■ **WHAT TO WORK ON**: All of the lines below need to be copied exactly, apart from the pictures.

■ **DATA SHOWN**:
=====
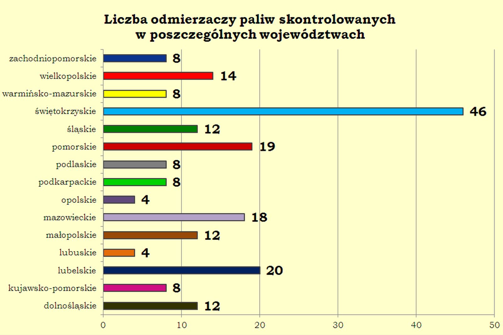 Najwięcej stacji sprawdzono w województwie łódzkim (8 punktów), a najmniej w lubuskim (tylko 2 punkty). Pod względem skontrolowanych urządzeń wybija się wyraźnie województwo świętokrzyskie (46 odmierzaczy). Na ostatnim z kolei miejscu są województwa opolskie i lubuskie (po 4 odmierzacze).
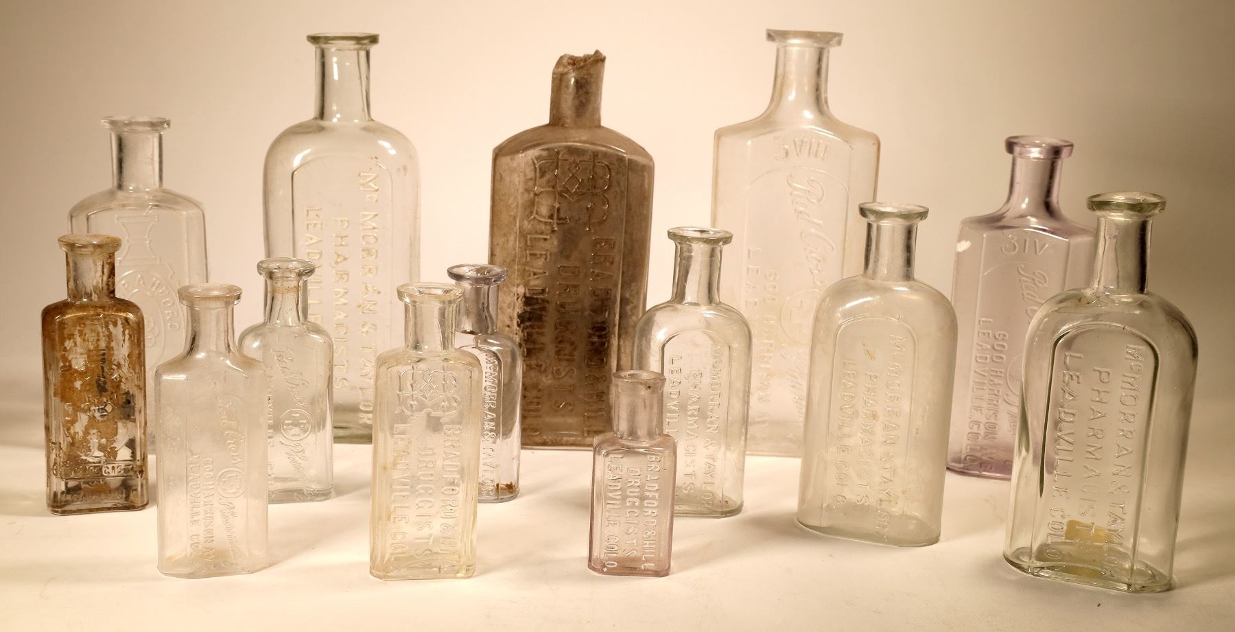 This group contains fourteen Leadville. Colorado medicine bottles. The bottles range in size from 3 3/8" to 7". This lot contains examples from: McMORRAN & TAYLOR (5),RED CROSS PHARMACY (4), O.F.BRADORD & HILL (2), BRADFORD & HILL (3).
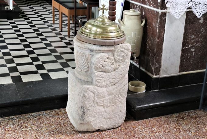 Het doopvont is een topstuk. Je ziet o.a. een pamfluit, een afbeelding van de god Bacchus en vleugels. Deze kalksteen is afkomstig uit Metz.
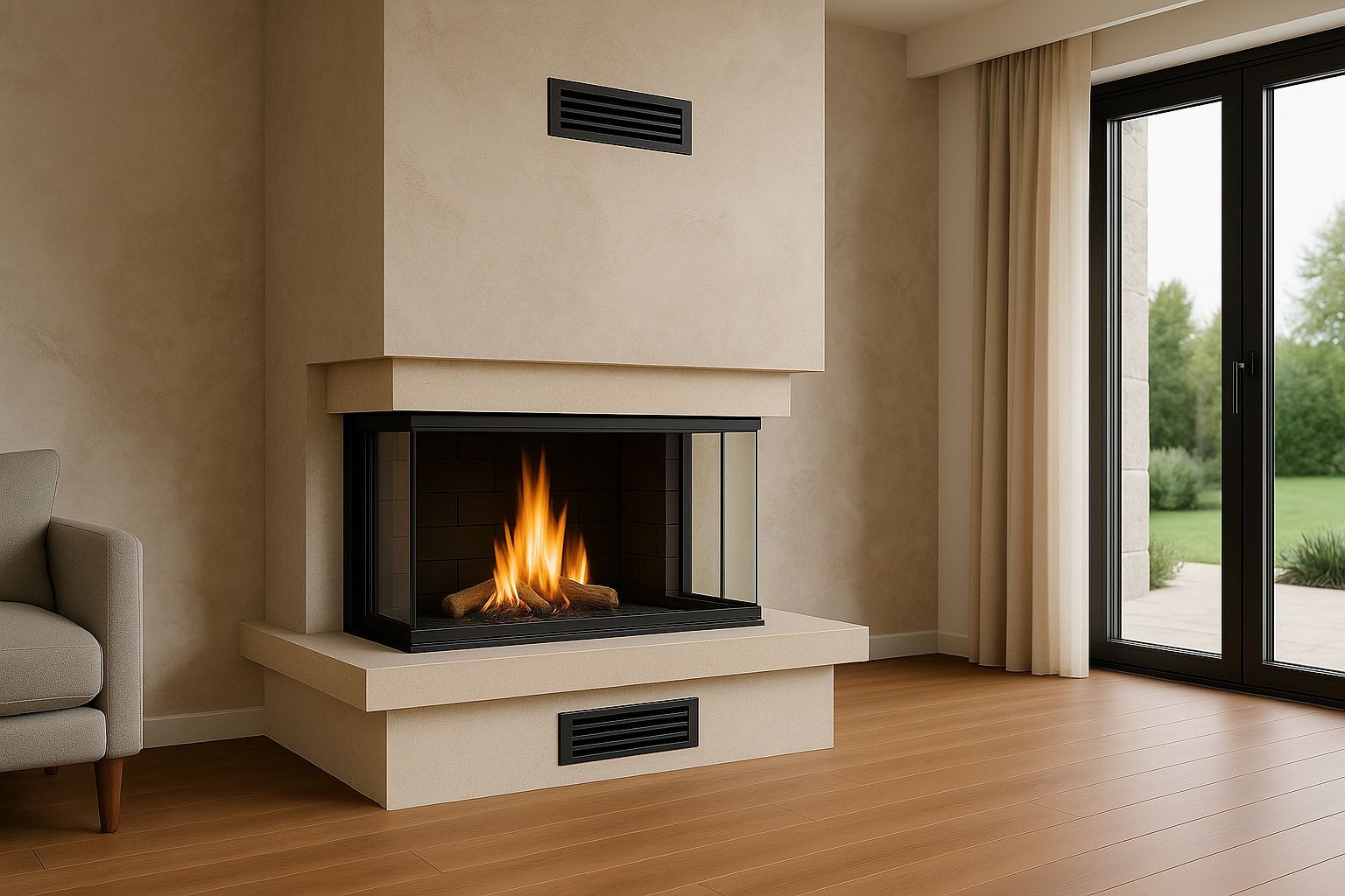 Kapalı cam konumunda çalışan sistem, klasik açık şöminelere kıyasla %80’in üzerinde ısı verimliliği sunar. Alt ve üst menfezlerden oluşan hava sirkülasyon sistemi sayesinde sıcak hava mekâna dengeli biçimde yayılır.
=====
■ **REPLY**:
 Najwięcej stacji sprawdzono w województwie łódzkim (8 punktów), a najmniej w lubuskim (tylko 2 punkty). Pod względem skontrolowanych urządzeń wybija się wyraźnie województwo świętokrzyskie (46 odmierzaczy). Na ostatnim z kolei miejscu są województwa opolskie i lubuskie (po 4 odmierzacze).
 This group contains fourteen Leadville. Colorado medicine bottles. The bottles range in size from 3 3/8" to 7". This lot contains examples from: McMORRAN & TAYLOR (5),RED CROSS PHARMACY (4), O.F.BRADORD & HILL (2), BRADFORD & HILL (3).
 Het doopvont is een topstuk. Je ziet o.a. een pamfluit, een afbeelding van de god Bacchus en vleugels. Deze kalksteen is afkomstig uit Metz.
 Kapalı cam konumunda çalışan sistem, klasik açık şöminelere kıyasla %80’in üzerinde ısı verimliliği sunar. Alt ve üst menfezlerden oluşan hava sirkülasyon sistemi sayesinde sıcak hava mekâna dengeli biçimde yayılır.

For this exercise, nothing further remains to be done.